The following article originally appeared in the Fall 2017 issue of the MCFL News magazine, a perk of membership mailed out quarterly to all members.
New tools and technologies are tricky things. While pro-lifers acknowledge the good of new life-saving technologies, we become uneasy with the trade-offs that technology seems to impose on our common humanity. What should we make of scientific advances that may potentially supplement maternal gestation with machines? These potential advances are particularly relevant in light of the presentation by neonatologist Dr. Martin McCaffrey at the MCFL Convention in April, concerning the crisis of premature birth and its association with abortion.
On April 25, Nature Communications Today NCT published a report by scientists at the Children’s Hospital of Philadelphia Research Institute on the development of an artificial womb that physiologically supports the extreme premature lamb. Fetal lambs, who are developmentally equivalent to extremely premature human infants, were supported in the device, which connected the lambs' umbilical cord to machinery, enabling fluid gas exchange to their developing lungs for up to four weeks. Could this advance one day lead to an effective treatment for premature human infants?

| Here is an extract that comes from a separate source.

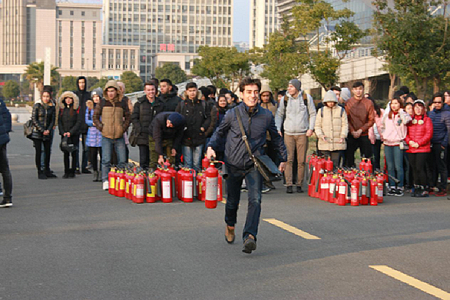 为进一步强化我校留学生消防安全教育,提高抗击突发事件的应变能力,12月27日,国际交流处、保卫处共同举办了以“强化意识,防患未然”为主题的消防灭火演练,本次消防演练活动共有120余名留学生参加。

Dr. McCaffrey had highlighted the devastating problems associated with the rise of preterm birth. In 2015, almost ten percent of all babies born in the United States were preterm, a percentage that has risen twenty percent in the last 20 years. Premature birth is defined as birth prior to 37 weeks with very preterm birth defined as babies born at less than 32 weeks. In 2015, 63,000 births were very preterm births. McCaffrey had remarked, “These constitute 1.6% of all births and are associated with the highest risks for death and morbidity: respiratory distress, brain bleeding, blindness, hearing loss, mental retardation, and cerebral palsy. The annual cost of care for very preterm babies, just for their first year of life, is $26 billion.”
The team at Children's Hospital said that advances in neonatal intensive care have improved survival and improved the limits of viability to 22 to 23 weeks of gestation, just the age that Dr. McCaffrey noted had the lowest probability of survival outside the womb. The NCT report continued, “However, survival has been achieved with high associated rates of chronic lung disease and other complications of organ immaturity, particularly in infants born before 28 weeks. In fact, with earlier limits of viability, there are actually more total patients with severe complications of prematurity than there were a decade ago. Respiratory failure represents the most common and challenging problem, as gas exchange in critically preterm neonates is impaired by structural and functional immaturity of the lungs.”
“The development of an ‘artificial placenta’ has been the subject of investigation for over 50 years, with only limited success,” said the research team. “The primary obstacles have been progressive circulatory failure due to imbalance imposed on the fetal heart, the use of open fluid incubators resulting in contamination and fetal sepsis, and problems related to umbilical vascular access resulting in vascular spasm. Here we demonstrate that extreme premature fetal lambs can be consistently supported for up to 4 weeks without apparent physiologic derangement or organ failure. These results are superior to all previous attempts at extracorporeal support of the extreme premature fetus in both duration and physiologic well-being.”
Researchers said they were in a preliminary phase of development and not in a position to offer the therapy, since possible human trials are coming three years in the future. “We have been gratified that in a few presentations to lay people and multiple presentations to neonatologists and maternal fetal medicine groups, there have been few objections raised, and in general, the response has been overwhelmingly supportive,” they said. “The clinical device will resemble a standard nursery incubator. While the parent cannot touch the fetus, the unit will have 3D ultrasound capability, as well as a real time dark-field camera (because light will be very limited in the device) to allow the parents to visualize the fetus on a continuous basis if they wish. In addition, we plan to play maternal abdominal and heart sounds and allow the parents to speak to the fetus, etc. within the device if they wish, so there will at least be some connection.”